* Task description: All records below must be reproduced exactly, although any pictures they contain are to be omitted.

* Available records:
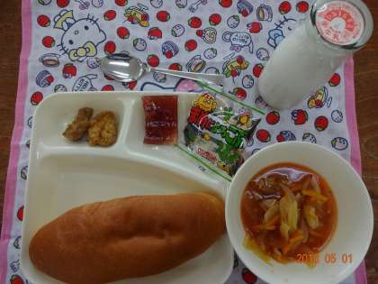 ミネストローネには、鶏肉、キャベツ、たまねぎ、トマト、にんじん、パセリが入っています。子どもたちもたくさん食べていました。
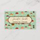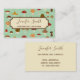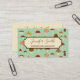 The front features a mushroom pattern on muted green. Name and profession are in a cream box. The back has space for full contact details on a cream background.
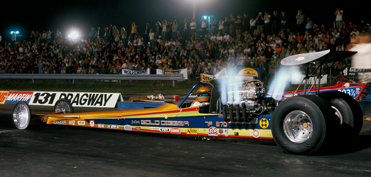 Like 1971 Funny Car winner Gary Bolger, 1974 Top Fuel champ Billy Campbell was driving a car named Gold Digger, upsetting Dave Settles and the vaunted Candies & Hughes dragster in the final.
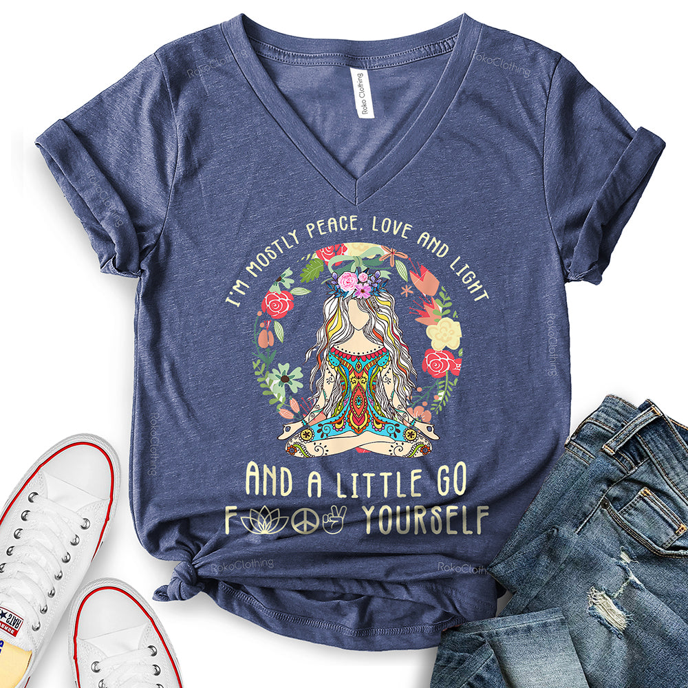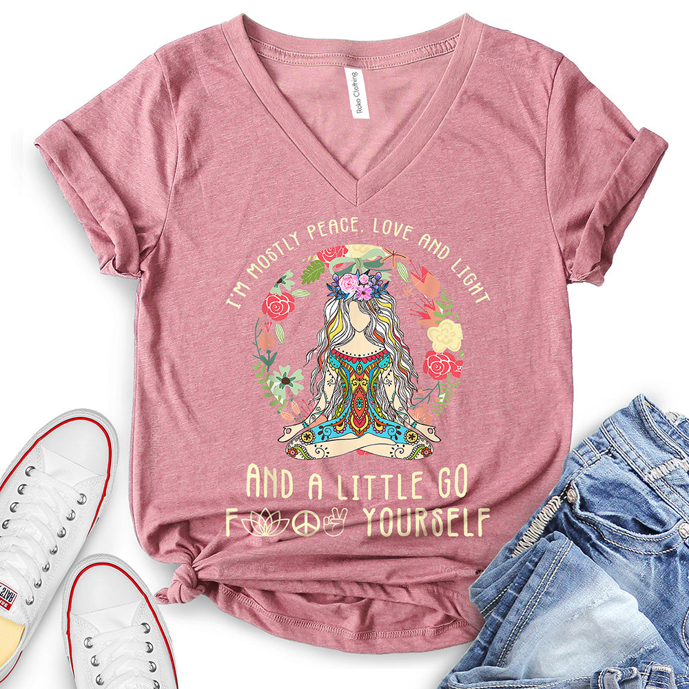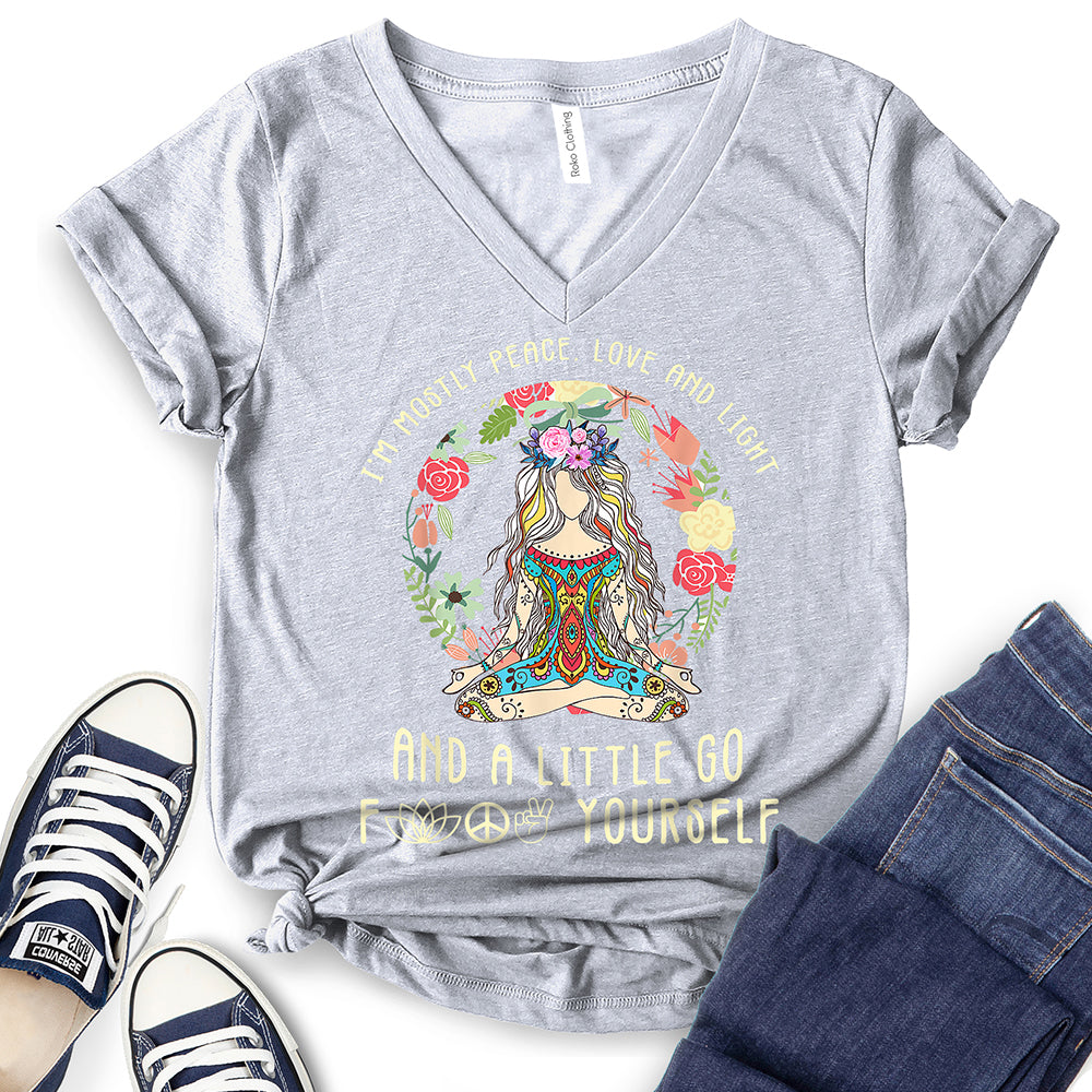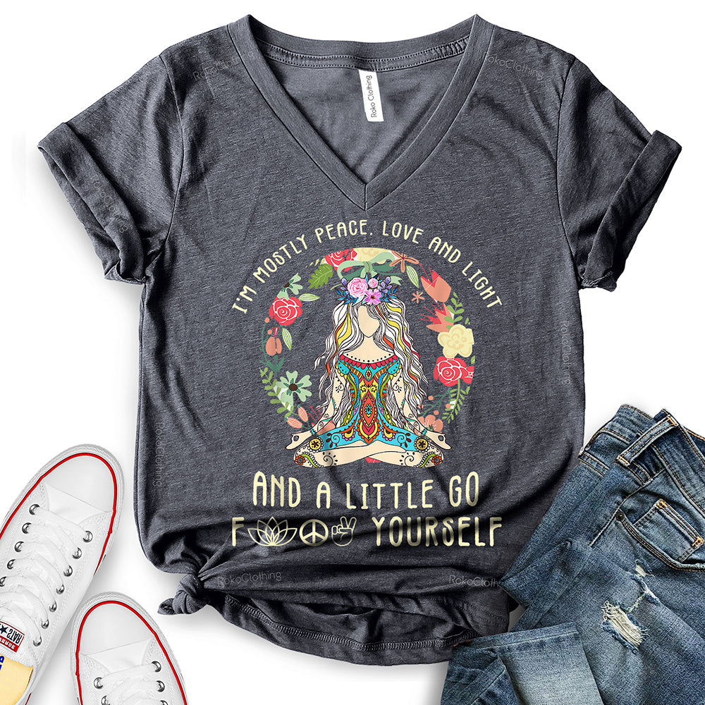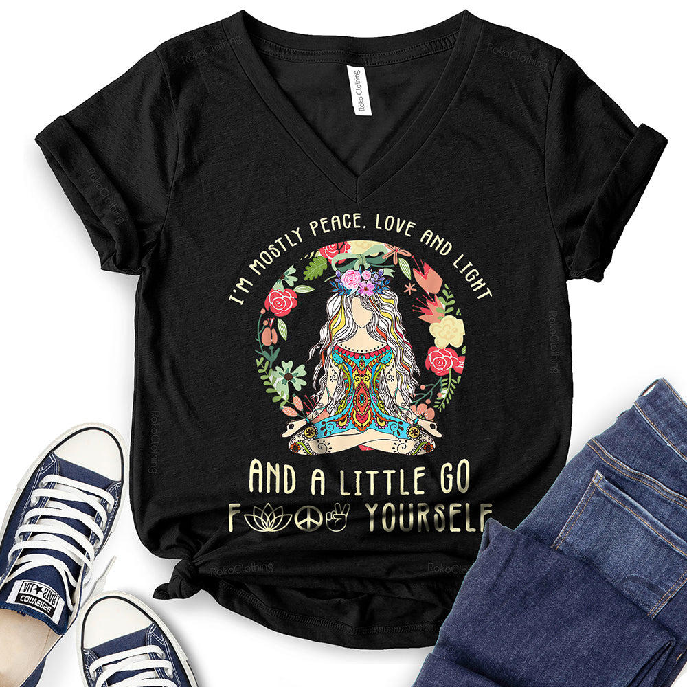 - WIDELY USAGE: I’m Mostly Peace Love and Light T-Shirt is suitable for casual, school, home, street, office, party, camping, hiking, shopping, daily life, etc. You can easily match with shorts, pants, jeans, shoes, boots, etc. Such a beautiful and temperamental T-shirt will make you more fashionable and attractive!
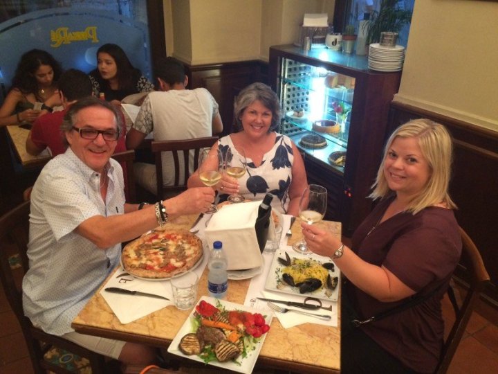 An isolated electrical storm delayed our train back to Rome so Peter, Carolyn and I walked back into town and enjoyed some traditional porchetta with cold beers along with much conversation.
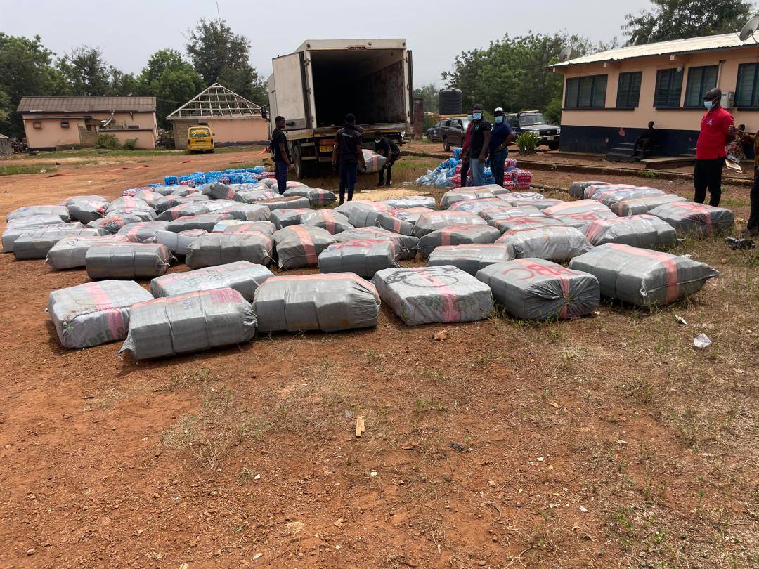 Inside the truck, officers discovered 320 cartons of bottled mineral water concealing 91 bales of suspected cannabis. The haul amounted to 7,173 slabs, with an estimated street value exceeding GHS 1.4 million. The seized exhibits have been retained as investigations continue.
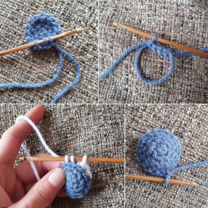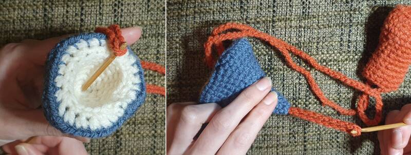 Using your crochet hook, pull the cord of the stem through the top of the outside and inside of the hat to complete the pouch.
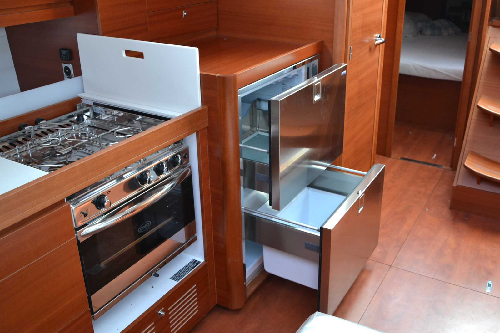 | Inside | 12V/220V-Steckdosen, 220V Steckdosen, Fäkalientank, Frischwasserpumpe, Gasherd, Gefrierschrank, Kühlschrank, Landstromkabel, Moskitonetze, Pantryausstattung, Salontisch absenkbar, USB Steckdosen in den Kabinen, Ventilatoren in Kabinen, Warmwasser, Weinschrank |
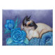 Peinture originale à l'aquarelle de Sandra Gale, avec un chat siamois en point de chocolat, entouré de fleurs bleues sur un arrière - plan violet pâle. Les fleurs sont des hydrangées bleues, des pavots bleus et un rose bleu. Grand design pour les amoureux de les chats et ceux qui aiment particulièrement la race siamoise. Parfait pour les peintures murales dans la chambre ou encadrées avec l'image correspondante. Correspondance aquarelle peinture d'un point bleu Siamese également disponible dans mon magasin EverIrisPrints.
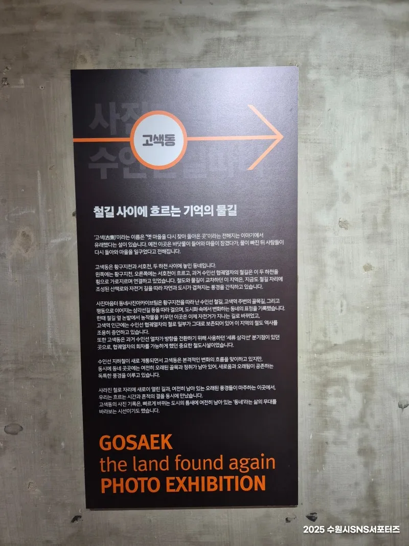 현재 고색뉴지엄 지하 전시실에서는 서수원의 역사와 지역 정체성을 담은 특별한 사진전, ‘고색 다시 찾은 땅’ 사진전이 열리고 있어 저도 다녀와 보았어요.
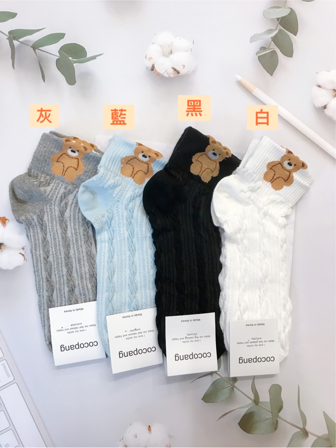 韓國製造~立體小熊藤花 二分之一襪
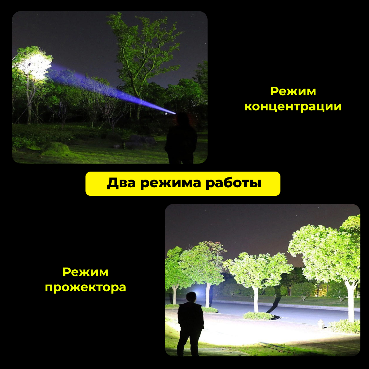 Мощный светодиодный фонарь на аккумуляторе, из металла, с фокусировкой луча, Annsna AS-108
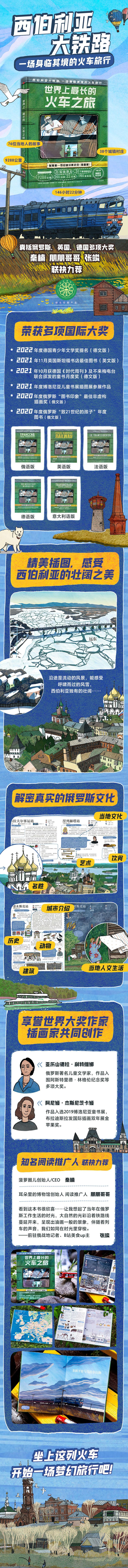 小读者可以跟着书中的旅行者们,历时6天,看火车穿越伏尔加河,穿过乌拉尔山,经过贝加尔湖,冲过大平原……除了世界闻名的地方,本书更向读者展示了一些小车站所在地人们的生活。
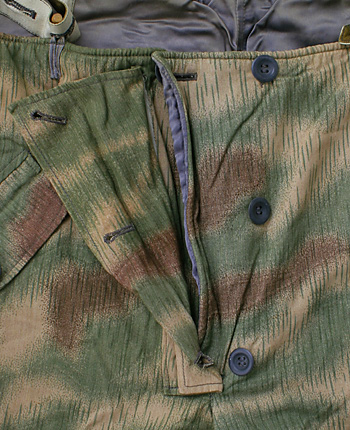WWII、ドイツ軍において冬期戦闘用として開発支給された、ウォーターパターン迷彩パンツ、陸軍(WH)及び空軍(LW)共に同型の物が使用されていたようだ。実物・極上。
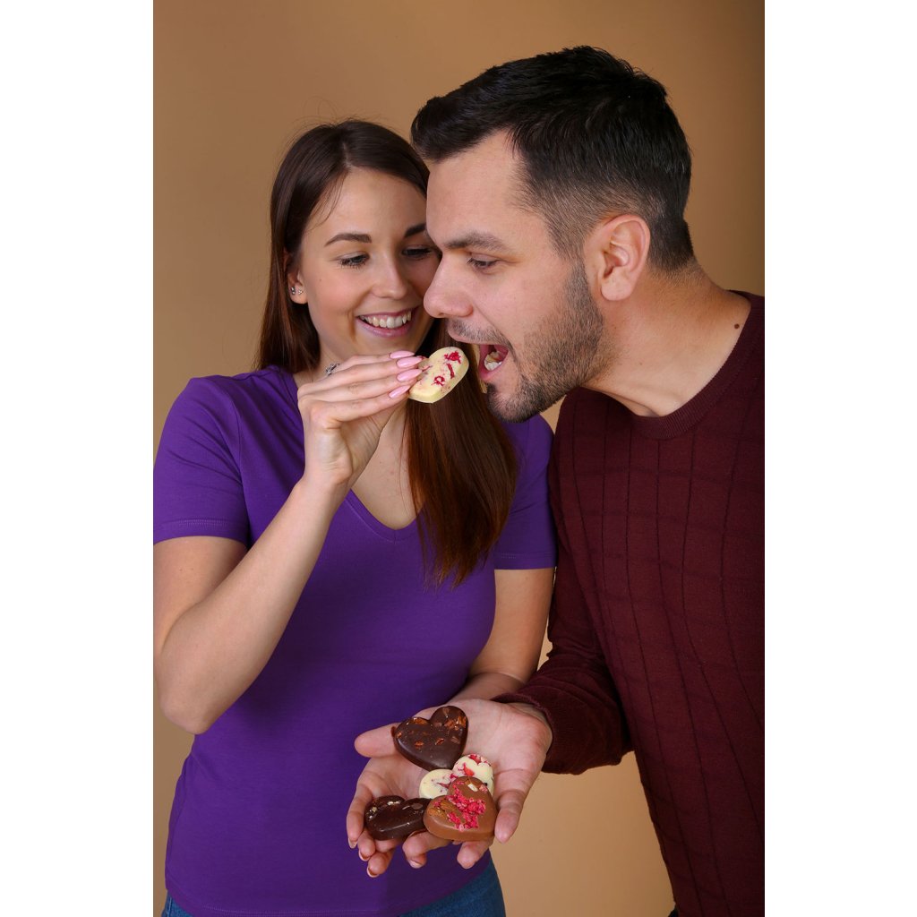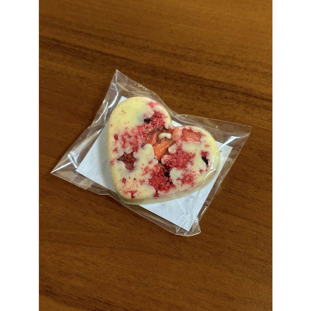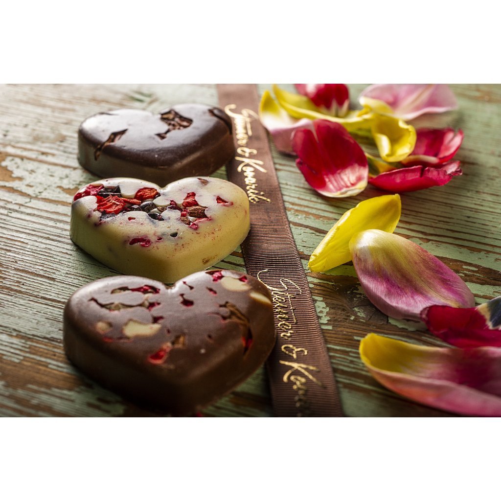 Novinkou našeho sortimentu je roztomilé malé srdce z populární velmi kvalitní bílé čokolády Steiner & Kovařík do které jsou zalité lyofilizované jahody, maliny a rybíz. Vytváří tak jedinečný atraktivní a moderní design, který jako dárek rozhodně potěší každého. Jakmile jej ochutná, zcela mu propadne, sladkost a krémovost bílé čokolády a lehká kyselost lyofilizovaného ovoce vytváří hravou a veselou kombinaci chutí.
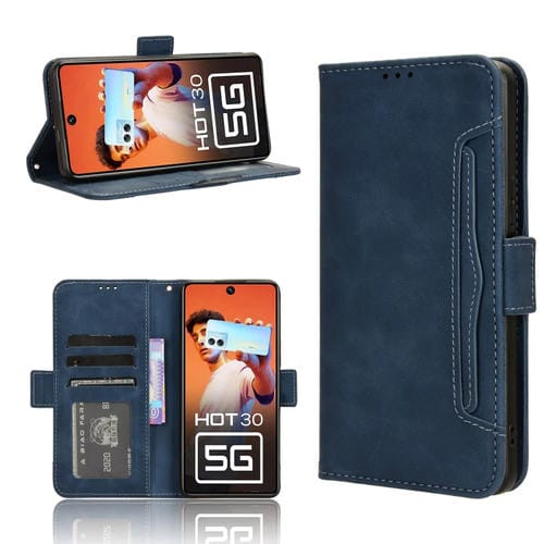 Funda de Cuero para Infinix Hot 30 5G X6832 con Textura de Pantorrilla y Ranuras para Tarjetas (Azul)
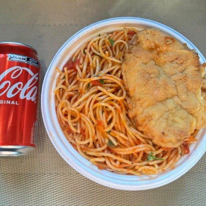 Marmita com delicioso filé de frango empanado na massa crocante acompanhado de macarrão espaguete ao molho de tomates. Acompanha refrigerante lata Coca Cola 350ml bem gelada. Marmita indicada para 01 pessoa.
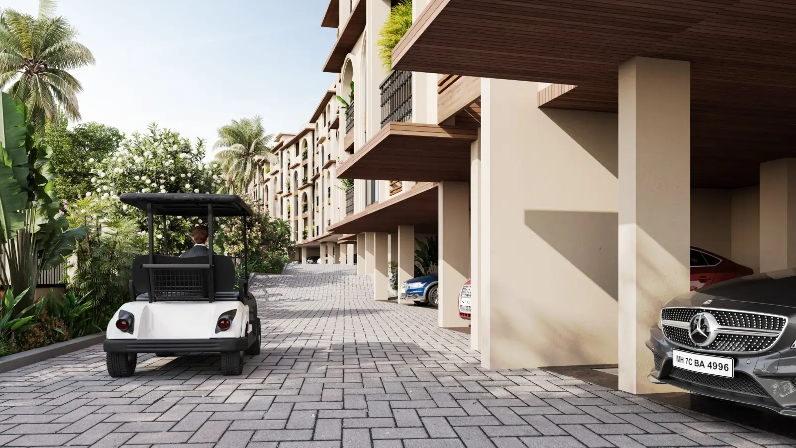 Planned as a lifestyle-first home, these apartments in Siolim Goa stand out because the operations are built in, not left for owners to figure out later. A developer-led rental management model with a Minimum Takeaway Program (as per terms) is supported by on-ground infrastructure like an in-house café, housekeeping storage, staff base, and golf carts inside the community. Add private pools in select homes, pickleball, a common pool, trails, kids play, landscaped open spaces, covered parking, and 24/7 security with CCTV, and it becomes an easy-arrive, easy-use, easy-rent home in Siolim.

* Solution to this problem:
 ミネストローネには、鶏肉、キャベツ、たまねぎ、トマト、にんじん、パセリが入っています。子どもたちもたくさん食べていました。
 The front features a mushroom pattern on muted green. Name and profession are in a cream box. The back has space for full contact details on a cream background.
 Like 1971 Funny Car winner Gary Bolger, 1974 Top Fuel champ Billy Campbell was driving a car named Gold Digger, upsetting Dave Settles and the vaunted Candies & Hughes dragster in the final.
 - WIDELY USAGE: I’m Mostly Peace Love and Light T-Shirt is suitable for casual, school, home, street, office, party, camping, hiking, shopping, daily life, etc. You can easily match with shorts, pants, jeans, shoes, boots, etc. Such a beautiful and temperamental T-shirt will make you more fashionable and attractive!
 An isolated electrical storm delayed our train back to Rome so Peter, Carolyn and I walked back into town and enjoyed some traditional porchetta with cold beers along with much conversation.
 Inside the truck, officers discovered 320 cartons of bottled mineral water concealing 91 bales of suspected cannabis. The haul amounted to 7,173 slabs, with an estimated street value exceeding GHS 1.4 million. The seized exhibits have been retained as investigations continue.
 Using your crochet hook, pull the cord of the stem through the top of the outside and inside of the hat to complete the pouch.
 | Inside | 12V/220V-Steckdosen, 220V Steckdosen, Fäkalientank, Frischwasserpumpe, Gasherd, Gefrierschrank, Kühlschrank, Landstromkabel, Moskitonetze, Pantryausstattung, Salontisch absenkbar, USB Steckdosen in den Kabinen, Ventilatoren in Kabinen, Warmwasser, Weinschrank |
 Peinture originale à l'aquarelle de Sandra Gale, avec un chat siamois en point de chocolat, entouré de fleurs bleues sur un arrière - plan violet pâle. Les fleurs sont des hydrangées bleues, des pavots bleus et un rose bleu. Grand design pour les amoureux de les chats et ceux qui aiment particulièrement la race siamoise. Parfait pour les peintures murales dans la chambre ou encadrées avec l'image correspondante. Correspondance aquarelle peinture d'un point bleu Siamese également disponible dans mon magasin EverIrisPrints.
 현재 고색뉴지엄 지하 전시실에서는 서수원의 역사와 지역 정체성을 담은 특별한 사진전, ‘고색 다시 찾은 땅’ 사진전이 열리고 있어 저도 다녀와 보았어요.
 韓國製造~立體小熊藤花 二分之一襪
 Мощный светодиодный фонарь на аккумуляторе, из металла, с фокусировкой луча, Annsna AS-108
 小读者可以跟着书中的旅行者们,历时6天,看火车穿越伏尔加河,穿过乌拉尔山,经过贝加尔湖,冲过大平原……除了世界闻名的地方,本书更向读者展示了一些小车站所在地人们的生活。
WWII、ドイツ軍において冬期戦闘用として開発支給された、ウォーターパターン迷彩パンツ、陸軍(WH)及び空軍(LW)共に同型の物が使用されていたようだ。実物・極上。
 Novinkou našeho sortimentu je roztomilé malé srdce z populární velmi kvalitní bílé čokolády Steiner & Kovařík do které jsou zalité lyofilizované jahody, maliny a rybíz. Vytváří tak jedinečný atraktivní a moderní design, který jako dárek rozhodně potěší každého. Jakmile jej ochutná, zcela mu propadne, sladkost a krémovost bílé čokolády a lehká kyselost lyofilizovaného ovoce vytváří hravou a veselou kombinaci chutí.
 Funda de Cuero para Infinix Hot 30 5G X6832 con Textura de Pantorrilla y Ranuras para Tarjetas (Azul)
 Marmita com delicioso filé de frango empanado na massa crocante acompanhado de macarrão espaguete ao molho de tomates. Acompanha refrigerante lata Coca Cola 350ml bem gelada. Marmita indicada para 01 pessoa.
 Planned as a lifestyle-first home, these apartments in Siolim Goa stand out because the operations are built in, not left for owners to figure out later. A developer-led rental management model with a Minimum Takeaway Program (as per terms) is supported by on-ground infrastructure like an in-house café, housekeeping storage, staff base, and golf carts inside the community. Add private pools in select homes, pickleball, a common pool, trails, kids play, landscaped open spaces, covered parking, and 24/7 security with CCTV, and it becomes an easy-arrive, easy-use, easy-rent home in Siolim.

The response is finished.